Task to complete:
A faithful copy of all the data is required; pictures should not be included.

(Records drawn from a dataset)

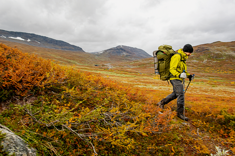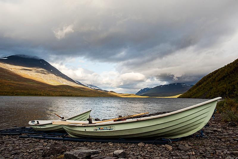 Sträckan Vákkudavárre och norrut till Singistugorna – där leden in mot Kebnekaisemassivet och fjällstationen ansluter – är den mindre frekventerade delen av norra Kungsleden. Den stora strömmen besökare går mellan Abisko och Kebnekaise. I högsäsong kan där bli rejält trångt, på leden och i stugor och fjällstationer. Så här i september, precis innan STF-stugorna stänger för säsongen, är det relativt gott om plats utmed hela leden. Men helt folktomt är det inte och vi möter en hel del vandrare under våra etapper, många från utlandet: tyskar, fransmän och belgare. Två svenska tjejer som springer mellan stugorna träffar vi hastigt när de svischar förbi i Kaitumjaure. Det är kul att öva på engelskan i bastun och höra om mångas ambitiösa planer för hur långt de vill hinna. De sitter där med sina trötta ben och berättar att de vill avverka två etapper dagen efter för att ligga i fas! Vårt mål med turen, att tagga ner och ta det lugnt, känns helt rätt.
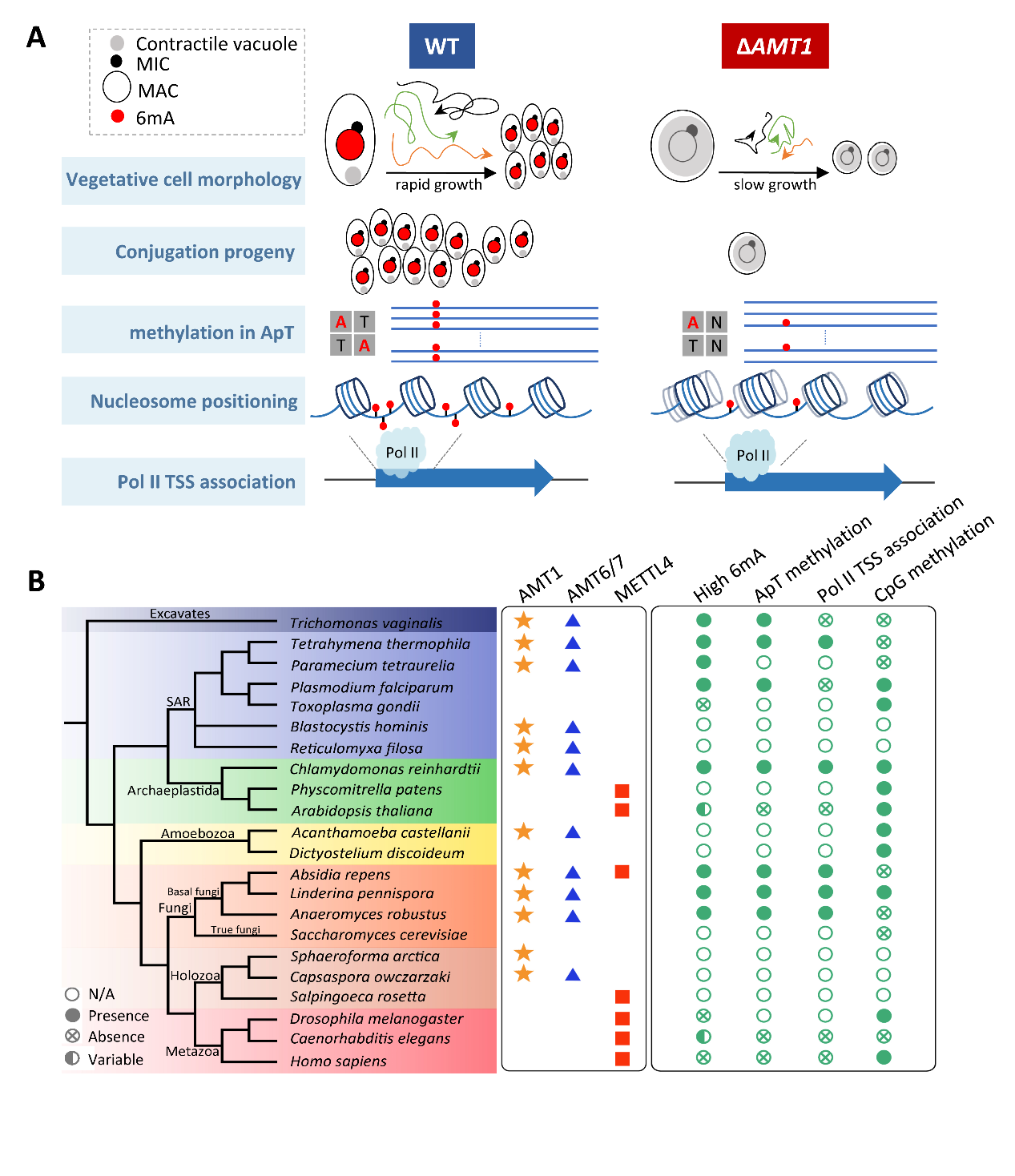 3)AMT1属于甲基化酶MT-A70蛋白家族的一个独特分支:AMT1及其同源蛋白主要分布在原生生物及早期分化真菌中,与高6mA含量、ApT特异序列、RNA聚合酶Pol II转录高度相关;与之形成对比的是,上述特征在动物、植物以及高等真菌中均缺失,这些物种中通常以另一个MT-A70蛋白家族METTL4的同源蛋白作为6mA甲基化酶。该研究显示,二者在功能上拮抗与互补的特点,可能是推动真核生物进化的不同驱动因素。
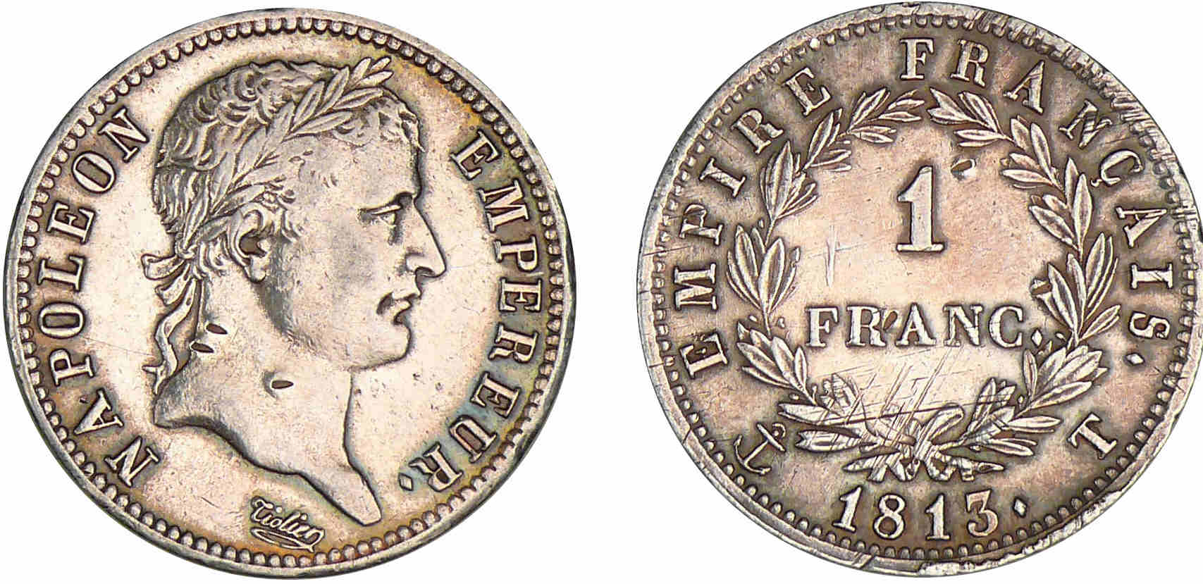1 franc Napoléon revers empire 1813 T (Nantes)
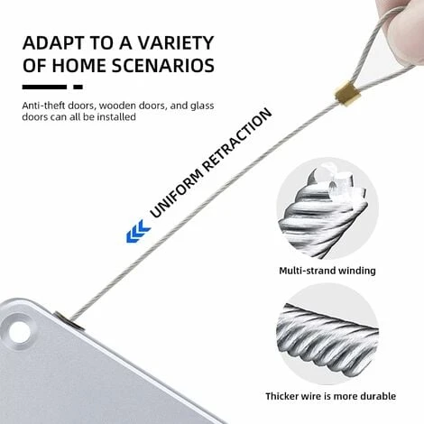 【1000g Super Pull】Le câble en acier de haute qualité de 1,2 m a passé plusieurs fois les tests de traction et d’élasticité. Il a un fort pouvoir de traction et n’est pas facile à casser, pour éviter la panique, oublier de fermer la porte et obtenir un temps de sensation plus sûr.
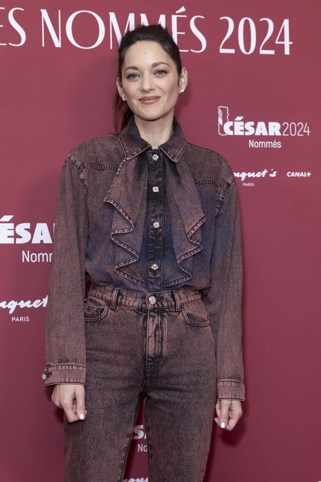Marion Cotillard au Photocall des participants au dîner des nommés des César 2024 au Fouquet's Paris le 5 février 2024. © Olivier Borde / Bestimage Photocall of participants at the César 2024 nominees' dinner at Fouquet's Paris on 5 February 2024
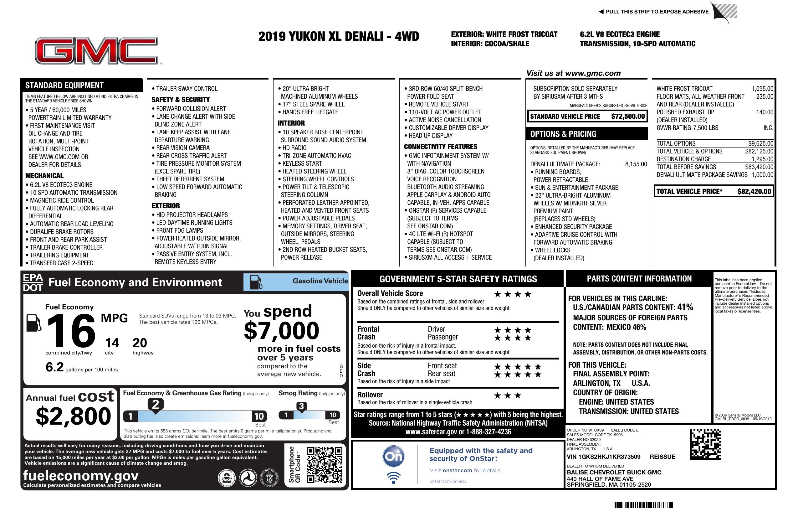 2019 GMC Yukon Xl 4 Wd 4dr Denali
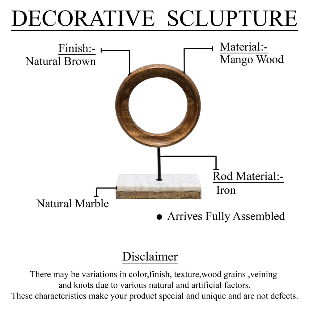 Add a touch of contemporary sophistication to your home decor with this beautifully crafted decorative sculpture. Featuring a minimalist circular design, this piece is composed of a rich natural brown mango wood ring, elegantly balanced on a sleek iron rod and mounted atop a solid natural white marble base. The fusion of organic and industrial elements gives this sculpture an artistic presence that€™s both modern and timeless. Its clean lines and mixed materials make it an ideal accent for consoles, shelves, office desks, or tabletops bringing warmth and sculptural dimension to any space. As a fixed design, it€™s sturdy and ready to display right out of the box, offering instant visual appeal.
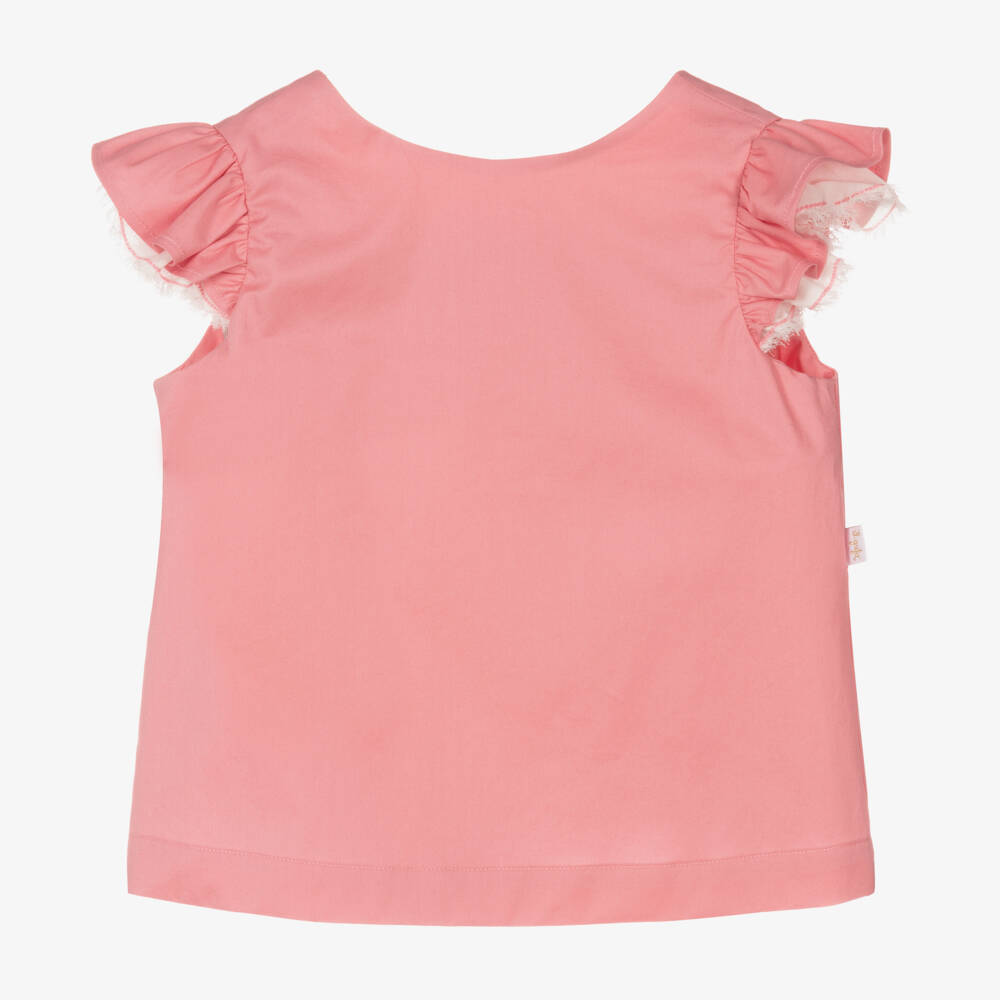 Girls pink cotton poplin blouse from luxury designer Il Gufo. This lovely top is characterised by layered poplin and voile capped sleeves, with stitch details and raw, unfinished edges for a pretty vintage effect. The Italian label's logo tab is stitched on the side seam for a subtle designer look. Soft and lightweight, it has an elasticated panel and pleat detail on the back for quick and easy dressing.

Response for this exercise:
 Sträckan Vákkudavárre och norrut till Singistugorna – där leden in mot Kebnekaisemassivet och fjällstationen ansluter – är den mindre frekventerade delen av norra Kungsleden. Den stora strömmen besökare går mellan Abisko och Kebnekaise. I högsäsong kan där bli rejält trångt, på leden och i stugor och fjällstationer. Så här i september, precis innan STF-stugorna stänger för säsongen, är det relativt gott om plats utmed hela leden. Men helt folktomt är det inte och vi möter en hel del vandrare under våra etapper, många från utlandet: tyskar, fransmän och belgare. Två svenska tjejer som springer mellan stugorna träffar vi hastigt när de svischar förbi i Kaitumjaure. Det är kul att öva på engelskan i bastun och höra om mångas ambitiösa planer för hur långt de vill hinna. De sitter där med sina trötta ben och berättar att de vill avverka två etapper dagen efter för att ligga i fas! Vårt mål med turen, att tagga ner och ta det lugnt, känns helt rätt.
 3)AMT1属于甲基化酶MT-A70蛋白家族的一个独特分支:AMT1及其同源蛋白主要分布在原生生物及早期分化真菌中,与高6mA含量、ApT特异序列、RNA聚合酶Pol II转录高度相关;与之形成对比的是,上述特征在动物、植物以及高等真菌中均缺失,这些物种中通常以另一个MT-A70蛋白家族METTL4的同源蛋白作为6mA甲基化酶。该研究显示,二者在功能上拮抗与互补的特点,可能是推动真核生物进化的不同驱动因素。
1 franc Napoléon revers empire 1813 T (Nantes)
 【1000g Super Pull】Le câble en acier de haute qualité de 1,2 m a passé plusieurs fois les tests de traction et d’élasticité. Il a un fort pouvoir de traction et n’est pas facile à casser, pour éviter la panique, oublier de fermer la porte et obtenir un temps de sensation plus sûr.
Marion Cotillard au Photocall des participants au dîner des nommés des César 2024 au Fouquet's Paris le 5 février 2024. © Olivier Borde / Bestimage Photocall of participants at the César 2024 nominees' dinner at Fouquet's Paris on 5 February 2024
 2019 GMC Yukon Xl 4 Wd 4dr Denali
 Add a touch of contemporary sophistication to your home decor with this beautifully crafted decorative sculpture. Featuring a minimalist circular design, this piece is composed of a rich natural brown mango wood ring, elegantly balanced on a sleek iron rod and mounted atop a solid natural white marble base. The fusion of organic and industrial elements gives this sculpture an artistic presence that€™s both modern and timeless. Its clean lines and mixed materials make it an ideal accent for consoles, shelves, office desks, or tabletops bringing warmth and sculptural dimension to any space. As a fixed design, it€™s sturdy and ready to display right out of the box, offering instant visual appeal.
 Girls pink cotton poplin blouse from luxury designer Il Gufo. This lovely top is characterised by layered poplin and voile capped sleeves, with stitch details and raw, unfinished edges for a pretty vintage effect. The Italian label's logo tab is stitched on the side seam for a subtle designer look. Soft and lightweight, it has an elasticated panel and pleat detail on the back for quick and easy dressing.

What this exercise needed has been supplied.